The Trucking Freight Futures markets rallied across the board on Tuesday as tight spot freight capacity (VOTRI.USA) exerted upward pressure on rates. The spot National contract (FUT.VNU202003) ended the day $0.024, or 1.8%, higher to $1.364/mile.
In the midst of this rally, ten futures contracts (10,000 miles) of the April National contract (FUT.VNU202004) were traded at $1.375/mile, highlighting that companies with exposure to spot freight rate volatility are moving back into the futures markets to hedge in these uncertain times.

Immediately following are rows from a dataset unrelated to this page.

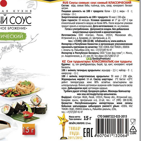 Соус соевый классический порц. сашет 15грх300шт/кор Sen Soy™ Россия (КОР) (КОД 98238) (+18°С)
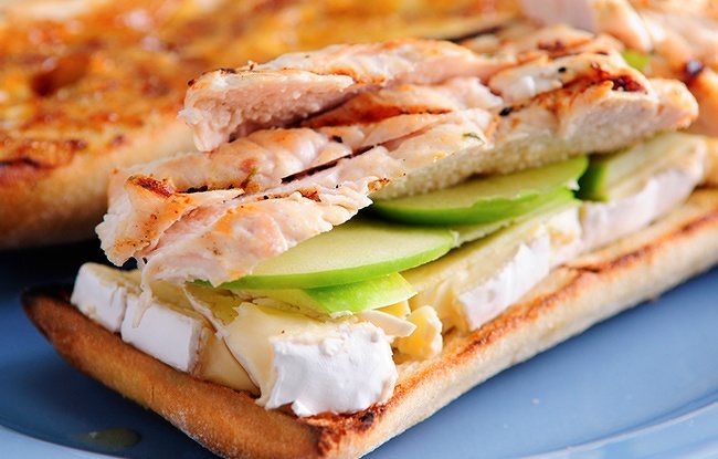 Якщо ви хочете спробувати щось нове і порадувати свої смакові рецептори, пропонуємо оцінити це оригінальне поєднання. На підсмажений шматочок пшеничного хліба покладіть шматочки сиру брі, скибочки зеленого яблука і індички.
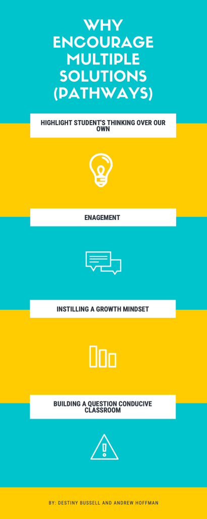 Multiple solutions or multiple solution strategies/representations/models: You can engage students with multiple approaches and representations/models for problems or questions generated by themselves and their peers to support deeper math and science learning.
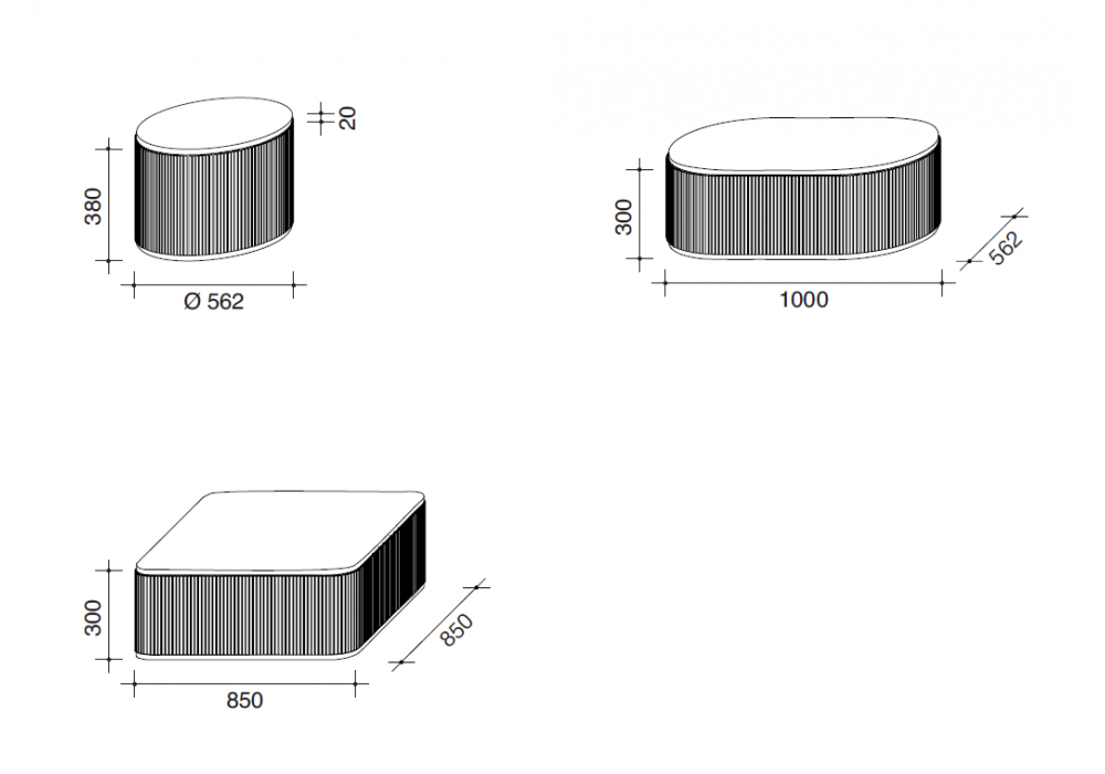 | Abmessungen | - Ø 56.2 x H 38 cm; - 100 x 56.2 x H 30 cm; - 85 x 85 x H 30 cm. |
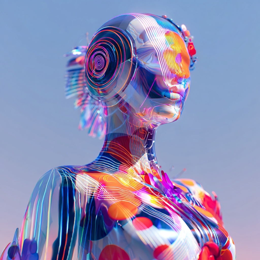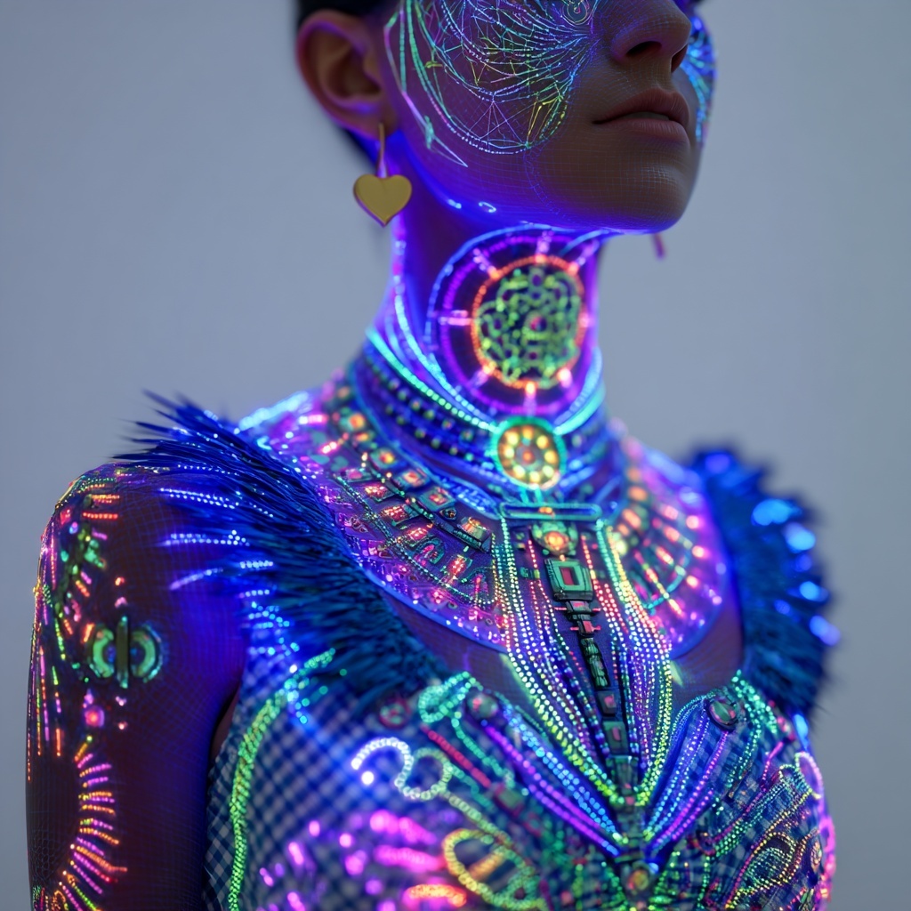 This style fuses mystical symbolism with futuristic circuitry, turning subjects into spiritual-tech hybrids.
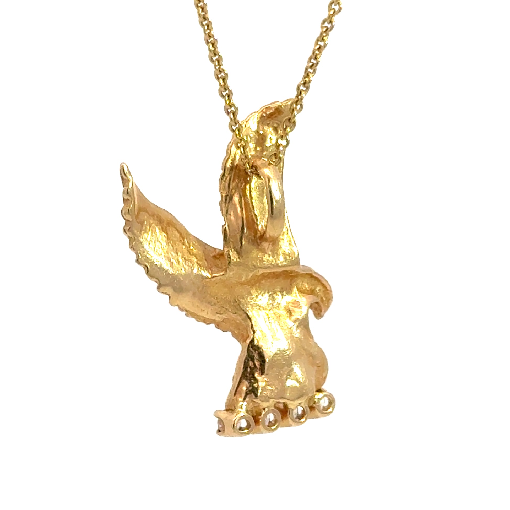 At the base of the pendant, a row of five round-cut diamonds adds a touch of brilliance and luxury, contrasting beautifully with the warm gold tones. These diamonds are securely prong-set, enhancing the pendant’s elegance without overpowering the dynamic eagle motif.
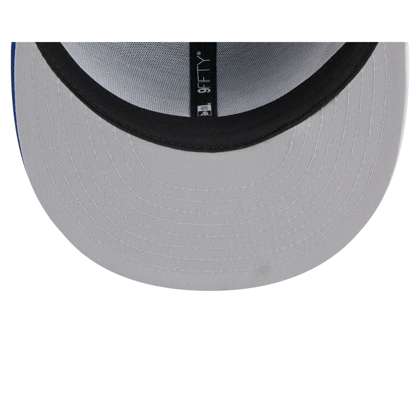 The Chicago Cubs Ernie Banks 9FIFTY Snapback features an embroidered Cubs logo at the front panels with the player's name and number at the right-wear side. Additional details include a snapback closure at the rear and a gray undervisor.

Could this be a tipping point for Trucking Freight Futures? Kyle Lintner, Principal at K-Ratio, noted, “This is exactly what futures markets are for, removing financial risk and uncertainty from the balance sheet, and right now we have a tremendous amount of risk and uncertainty out there.”
The timing of this hedge and the fact that it is in the April National Average makes sense given the current freight environment. Spot freight volumes and rates are melting up, but no one knows for how long.
“Nobody knows what will happen in two weeks; will there be further shutdowns and closures, quarantines or possibly more massive relief efforts?” Lintner asked. “These are the unknowns that are removed by hedging.”
As the world has been thrown into turmoil because of the coronavirus pandemic, a bear market in equities, an all out price war in oil and the real possibility of a global recession, it is more important than ever to manage risk. If you have any exposure to trucking freight rate volatility, you must consider the use Trucking Freight Futures as you would with any other risk management tool to protect your business.